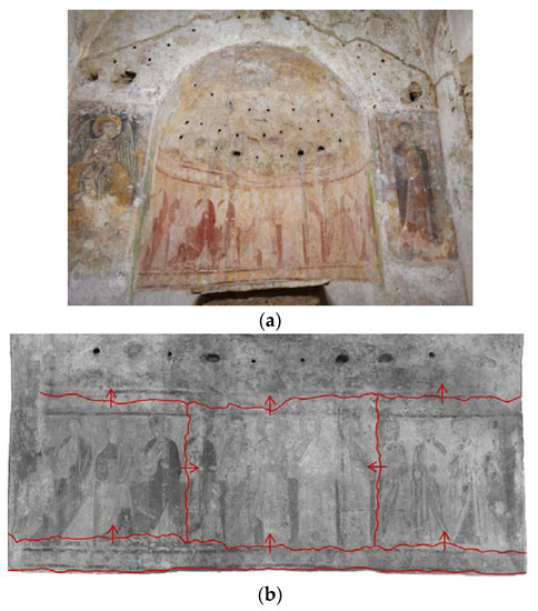 While these two paintings relate to the last phase of the building, the paintings in the apse are much older. The latter represent the subject of this study (Figure 1a). The extremely incomplete state of the painting makes it difficult to judge a stylistic and iconographic interpretation. To date, the proposal put forward by art historians, which identified the figures as male and female saints, has been replaced by the hypothesis according to which the iconographic theme represented would be the Ascension, contaminated by the theme of the Maiestas domini. In the apsidal basin the Virgin is represented in the center of the scene, beside the Twelve Apostles, while in the semidome Christ is depicted, seated on a throne, in the almond, no longer observable due to its poor state of conservation.
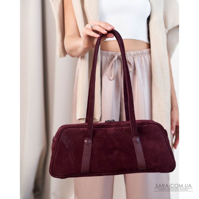 Замшева жіноча сумка К73057 від виробника «Welassie» Україна, колір бордовий, матеріал натуральна замша. Сумка відкривається за допомогою блискавки. Усередині сумка має одну відкриту кишеню і на змійці.Зовні є кишеня для дрібних предметів.
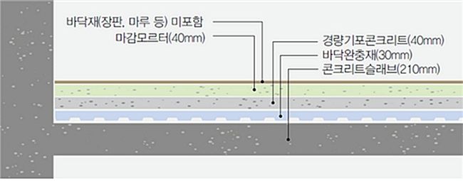 그러나 층간소음 차단성능 제고를 위해 사전 검토를 거쳐 선정한 바닥구조를 적용중인 현장으로, 현재까지 인정받은 중량 1·2등급 바닥구조는 현장에 적용하기 어려운 측면이 있어 경량 1등급·중량 3등급의 사전인정 바닥구조 중에서 시공성, 경제성 등을 종합 검토하여 현장에 적용중이다.
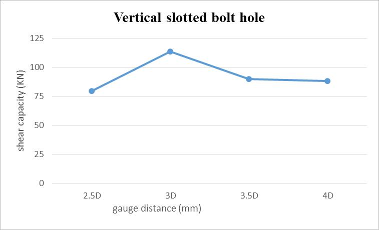 The above graph shows that, while increasing the gauge distance from 2.5 times the bolt diameter (D), the shear capacityoftheboltedconnectionincreasesfrom85.12KNto 133.48 KN. For further increment of gauge distance the shearcapacityslightlyfallsdown.Whenthegaugedistance cross3Dto4Dtheshearcapacityvalueslightlyfallsdown.
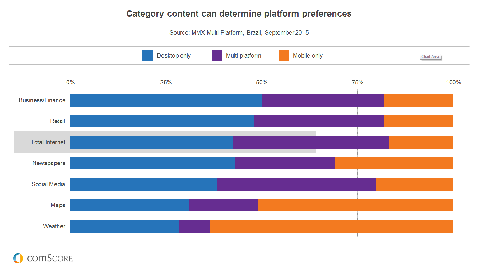 Em geral, vimos que 41 por cento do total da população digital no Brasil já acessa conteúdos digitais através de mais de uma plataforma – o que demonstra que os Brasileiros estão caminhando em direção à maioria multi-plataforma. Especificamente, o mobile teve um grande impacto na categoria de Mídias Sociais com 61 por cento dos usuários da categoria acessando através do mobile por mês, enquanto a categoria de Notícias sobre o Tempo mostra a maior participação de acessos feitos exclusivamente através do mobile.
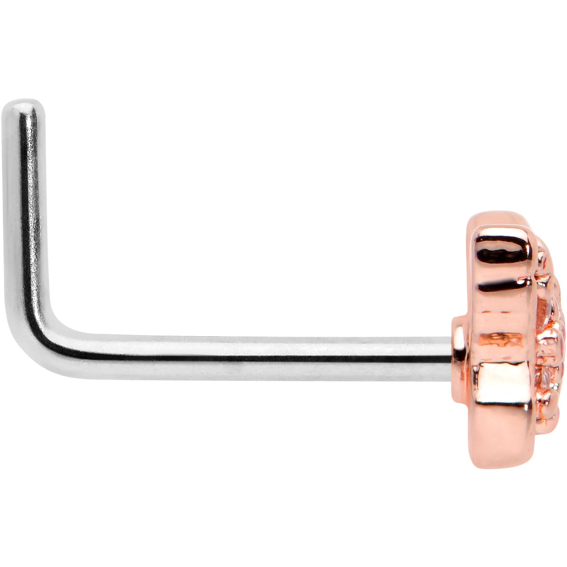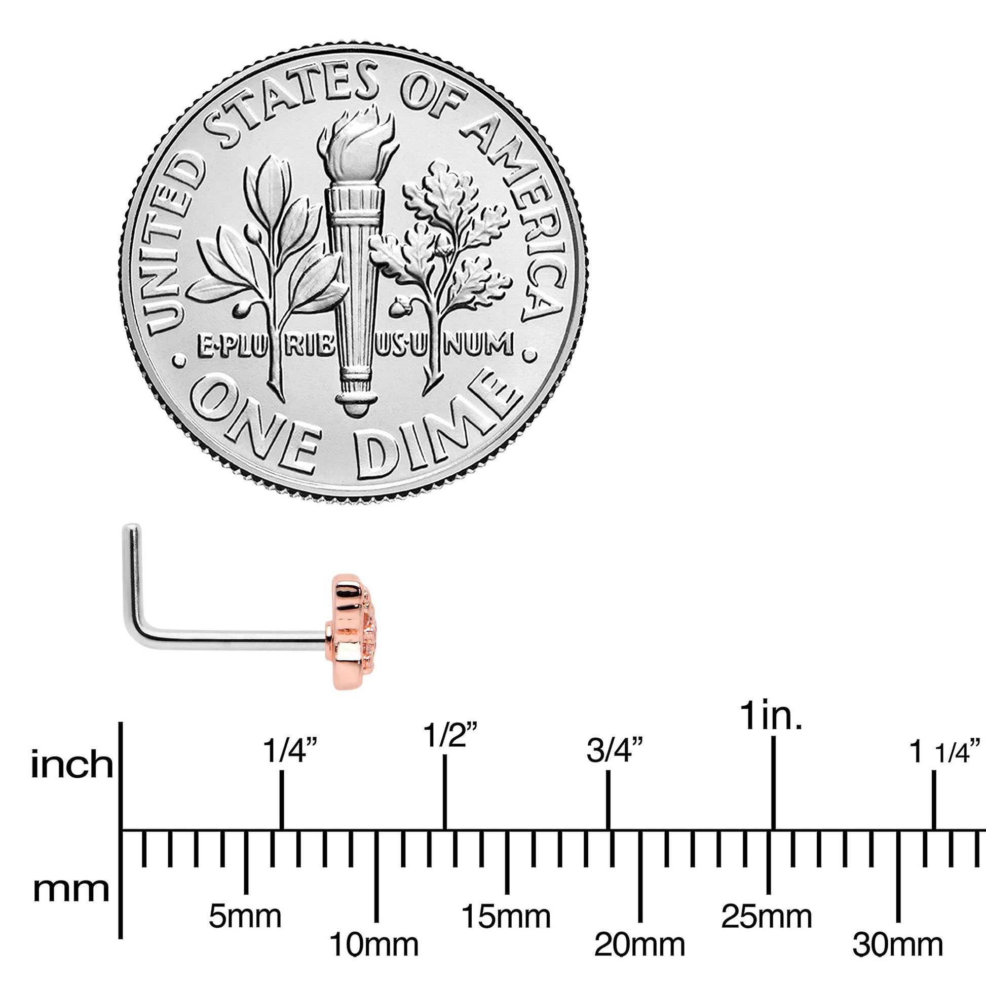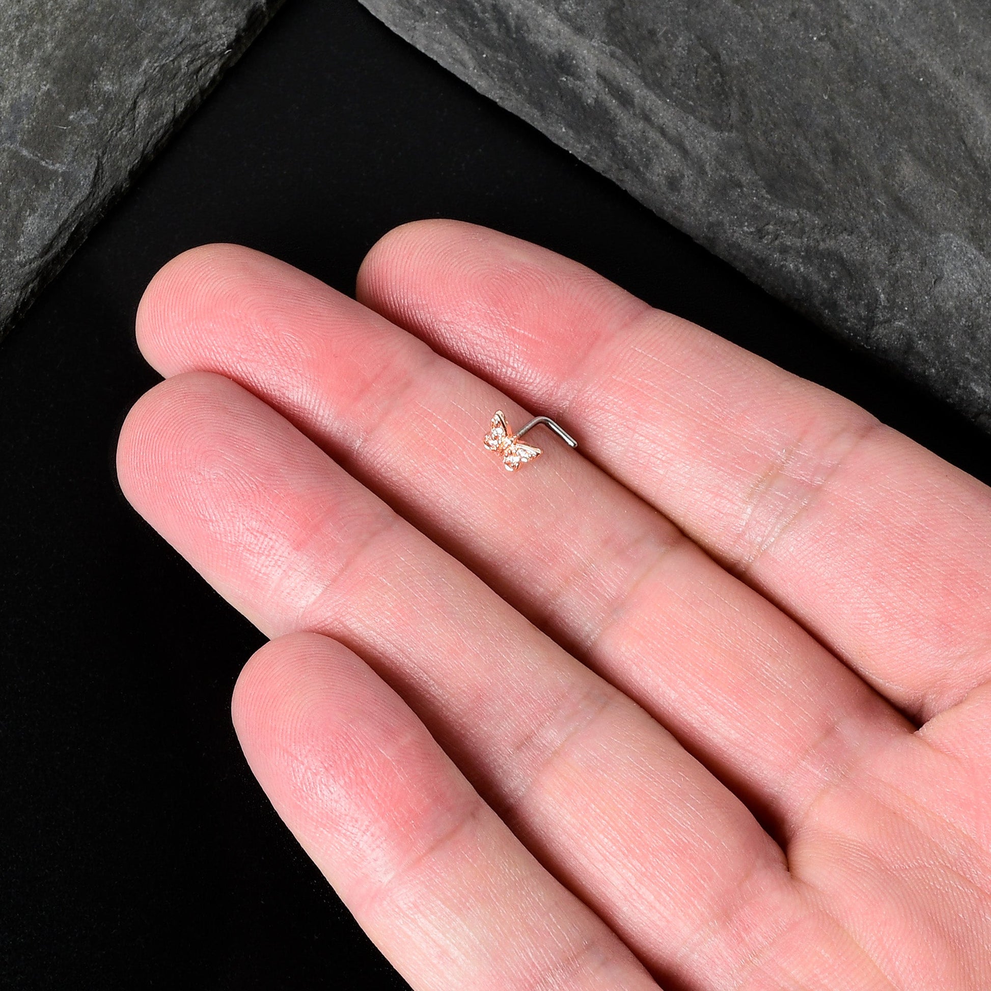 20 Gauge 7mm Clear Gem Baroque Rosy Butterfly L Shape Nose Ring
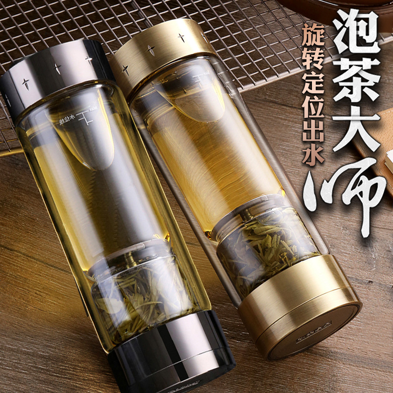商务礼品茶水分离玻璃杯子男士双层泡茶杯旋转高硼硅保温水杯定制

▸ Activity: When you find the line that contains "Замшева жіноча сумка", retype it and every line after it through the end of the data above, exactly, with no pictures.

▸ Result:
 Замшева жіноча сумка К73057 від виробника «Welassie» Україна, колір бордовий, матеріал натуральна замша. Сумка відкривається за допомогою блискавки. Усередині сумка має одну відкриту кишеню і на змійці.Зовні є кишеня для дрібних предметів.
 그러나 층간소음 차단성능 제고를 위해 사전 검토를 거쳐 선정한 바닥구조를 적용중인 현장으로, 현재까지 인정받은 중량 1·2등급 바닥구조는 현장에 적용하기 어려운 측면이 있어 경량 1등급·중량 3등급의 사전인정 바닥구조 중에서 시공성, 경제성 등을 종합 검토하여 현장에 적용중이다.
 The above graph shows that, while increasing the gauge distance from 2.5 times the bolt diameter (D), the shear capacityoftheboltedconnectionincreasesfrom85.12KNto 133.48 KN. For further increment of gauge distance the shearcapacityslightlyfallsdown.Whenthegaugedistance cross3Dto4Dtheshearcapacityvalueslightlyfallsdown.
 Em geral, vimos que 41 por cento do total da população digital no Brasil já acessa conteúdos digitais através de mais de uma plataforma – o que demonstra que os Brasileiros estão caminhando em direção à maioria multi-plataforma. Especificamente, o mobile teve um grande impacto na categoria de Mídias Sociais com 61 por cento dos usuários da categoria acessando através do mobile por mês, enquanto a categoria de Notícias sobre o Tempo mostra a maior participação de acessos feitos exclusivamente através do mobile.
 20 Gauge 7mm Clear Gem Baroque Rosy Butterfly L Shape Nose Ring
商务礼品茶水分离玻璃杯子男士双层泡茶杯旋转高硼硅保温水杯定制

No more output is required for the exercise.